I talked with some retired expats now living in Dubai. If infinite shopping and self-indulgence are your thing, there is obviously a lot to be said for the place. Best to ignore the fact that the carbon footprint per person is (of course ) the biggest in the world. Property is in abundant supply, prices are dropping faster than in the UK, so if you want to live in a beige concrete block on an artificial island, in a gated community, this may be the moment to pounce. Around 500,000 people have left in the past year, so finding a flat should be simple.
If you are a married female, the deal is perhaps not so attractive. Most financial activity is in the name of the husband. A will is definitely needed, at risk of the estate being distributed after death according to local laws, in which a woman counts as 50% of a man, and the distribution may go to male relatives rather than to the wife. That is incidentally a point for anyone living out of the UK – Napoleonic law also has a rigid way of disposing of an estate, which certainly applies in both France and Holland.
So, a good place for shopping fanatics with no social conscience. Not recommended for dog lovers, fell walkers, National Trust addicts, or people who drive slowly in Morris Minors.
We have previously discussed ways of using your home as a way of finding extra funding in retirement. Times obviously change, and it now looks as though this may be less useful a route than previously. Falling values of houses means that there may be less capital in the property to use for equity release, or any other similar arrangement. Of course if there is still an existing mortgage on the property, then the available capital will be reduced by more than the fall in the property value – the amount you owe stays the same, the drop in house price impacts on the difference between the mortgage and the full value.
Recent research suggests that over 3 million people in the UK are relying on their home to provide a pension for them. The fall in house values over the last couple of years means that the capital available by this means has reduced by around £29 billion.
While this makes good publicity for pension companies, they do sort of forget to mention what has happened to pension funds over the same two years. If you had money in shares for the last two years, then during the period the FTSE has fallen from around 6500 to around 4700 – depending upon where your house is, you could well have been better off with the house than with the pension fund invested in the stock market.

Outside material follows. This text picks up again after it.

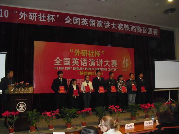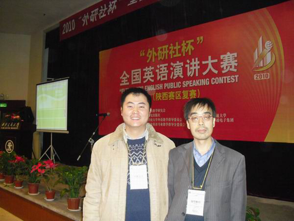 (本网讯)2010“外研社杯”全国英语演讲大赛(陕西赛区)于11月20日在西安交通大学举行,来自全省各高校的44名参赛选手进行了较量。西安工业大学选拔的参赛选手张新辛及其指导教师马安平参加了此次大赛并获得二等奖。

The other point the pension sellers will make is that your pension will carry on for the rest of your life, whereas a lump sum released from your house will offer very poor returns at present if placed in a savings account. You could buy an annuity – at the moment, £100,000 should buy an annual £6,400 or so for a 60 year old male. This is single life rate, so if you have the misfortune to die at 61, the annuity seller does pretty well out of the deal. You can take a guarantee to ensure that a dependent benefits within a certain number of years, but that will of course reduce the pension paid to you.
Private pensions are, frankly, pretty poor at the moment. What you can buy with a fairly large sum of money pales utterly in comparison with what is seen as necessary for people at the top of our businesses and government. An MP with 13 years’ service will retire with a pension which would take the average earner in the UK 60 years to acquire –and after 20 years service an MP will have a pension of some £30,000 p.a.. The pension which Gordon Brown will enjoy would need something like £1.75 million to buy.
Suddenly, having £200,000 capital from downsizing or equity release doesn’t seem too spectacular. Things would be so much easier if we knew how long we will live.